Alfred Adler (the 19th-20th century Austrian psychiatrist) taught that (1) children are social beings and behave as they see themselves in relation to others, (2) behavior is goal-oriented, toward belonging and feeling significant, (3) maladjusted behavior stems from discouragement, (4) children and adults need to contribute to society, based on concern for others, and (5) children and adults both require dignity and respect. But youth have a vague understanding that a profit-based system is interested only in sorting them for different forms of exploitation, through forcing them to compete with each other and then ranking them.

To prepare them, capitalist schools train children to take tests rather than to think creatively. As a result, many drop out or rebel. Then dealing with rebellion becomes a primary task of teachers and parents.

Under communism, the basis of education will be vastly different. Whereas children’s books today emphasize fantasy, under communism they will teach real working-class history and how to run society for the benefit of the class. Whereas today books are racist and sexist, under communism they will teach why the capitalists needed these divisive horrors and how the working class overcame them once it seized political power.

Under capitalism, even young children feel the stress of inability to achieve a fulfilling life through competition. Under communism, fulfillment will come from contributing to everyone’s welfare. Is it any wonder our children exhibit anger, self-destructive behavior and depression?

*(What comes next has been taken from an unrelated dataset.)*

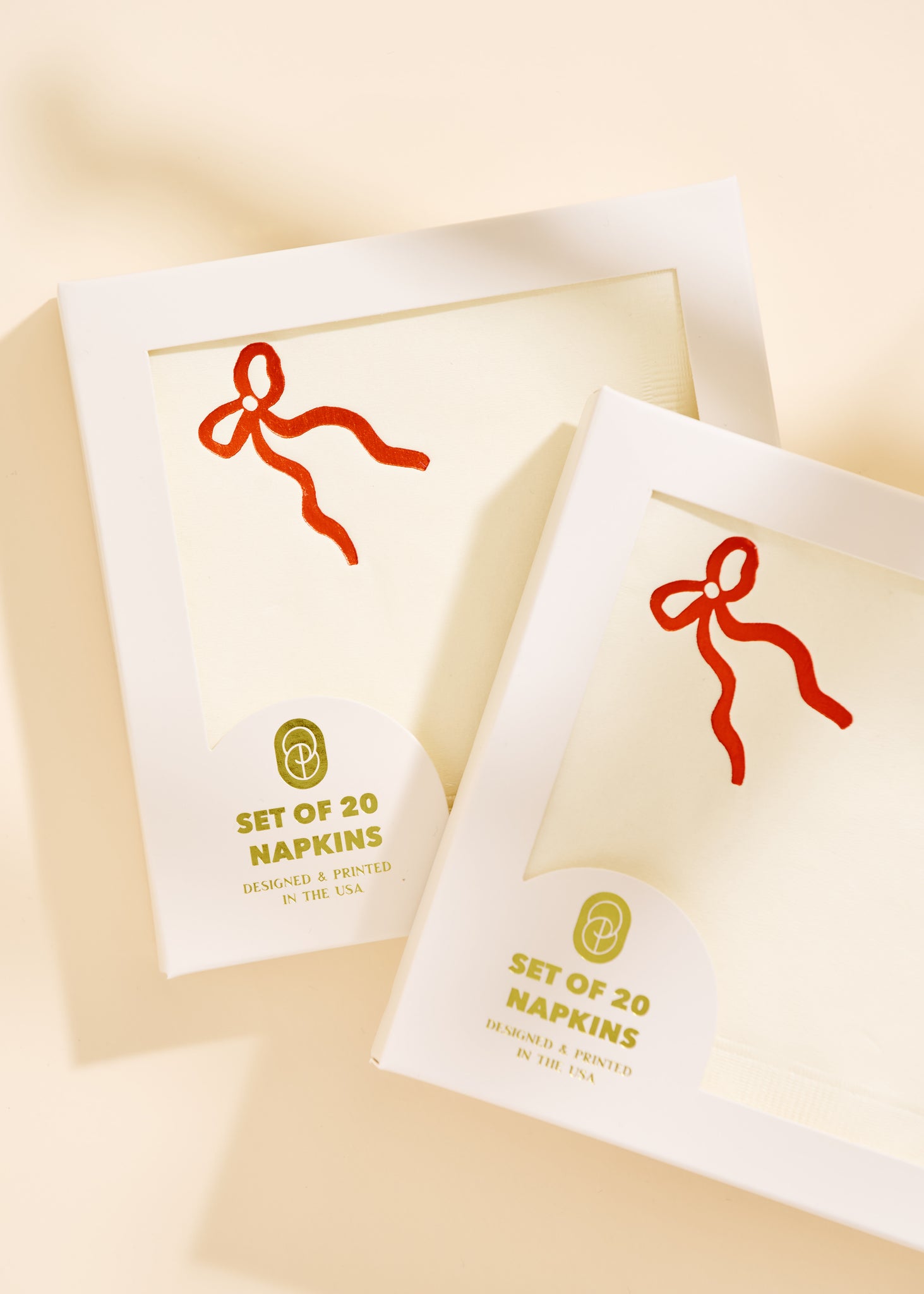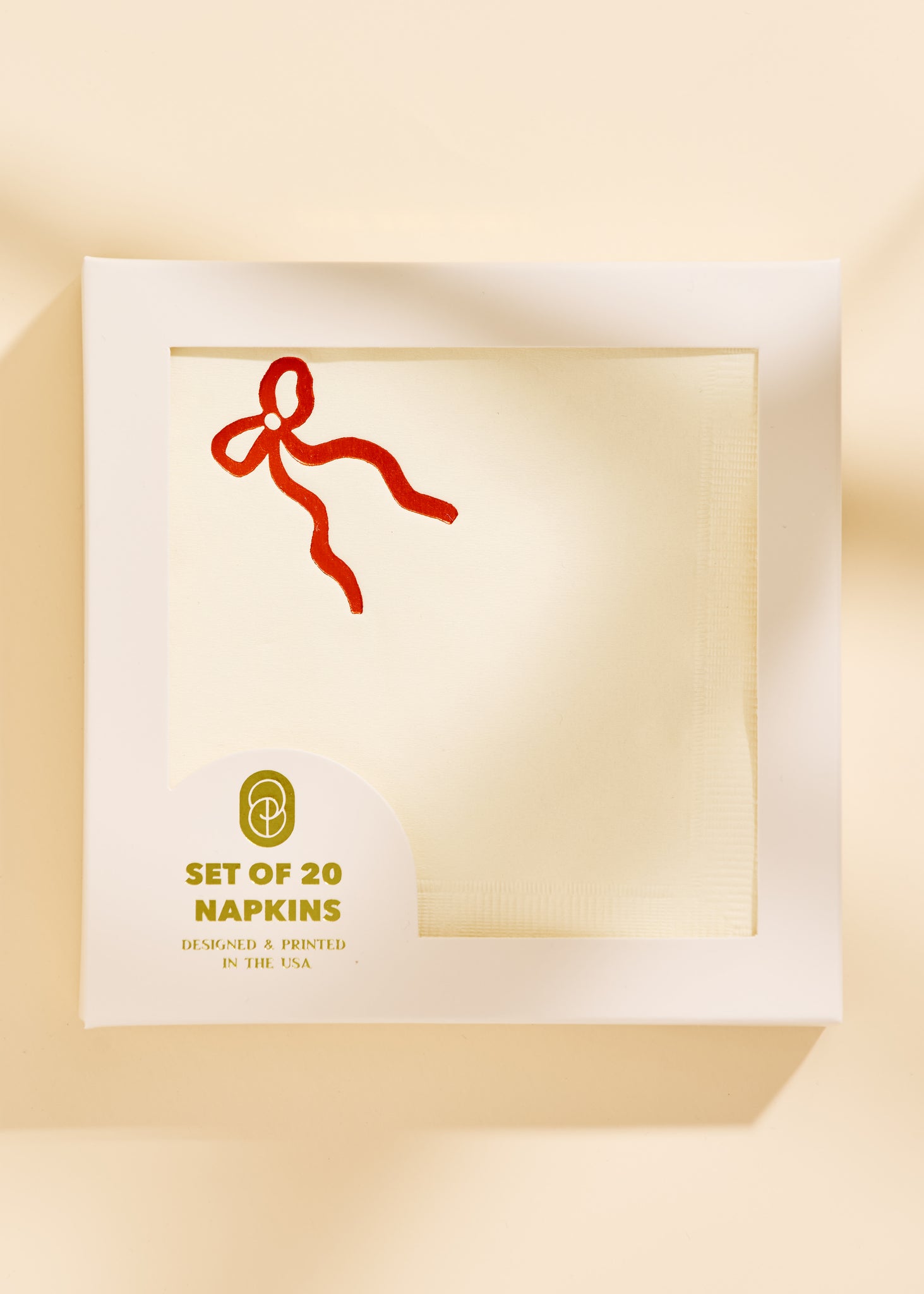 Classic Red Bow Cocktail Paper Beverage Napkins - Set of 20

And then they’re drugged for invented psychiatric disorders such as attention deficit hyperactivity disorder (ADHD), which mainly results from the contradictions between what they learn in school and what they learn from their own, and their parents’ real lives.

In a communist society we will experience some of the same joys and problems we face today in raising our youth. But families will not be left to fend for themselves. While children may develop various abilities, these will enable them to contribute in various ways. Working-class children worldwide will become more than capable of running the future communist society.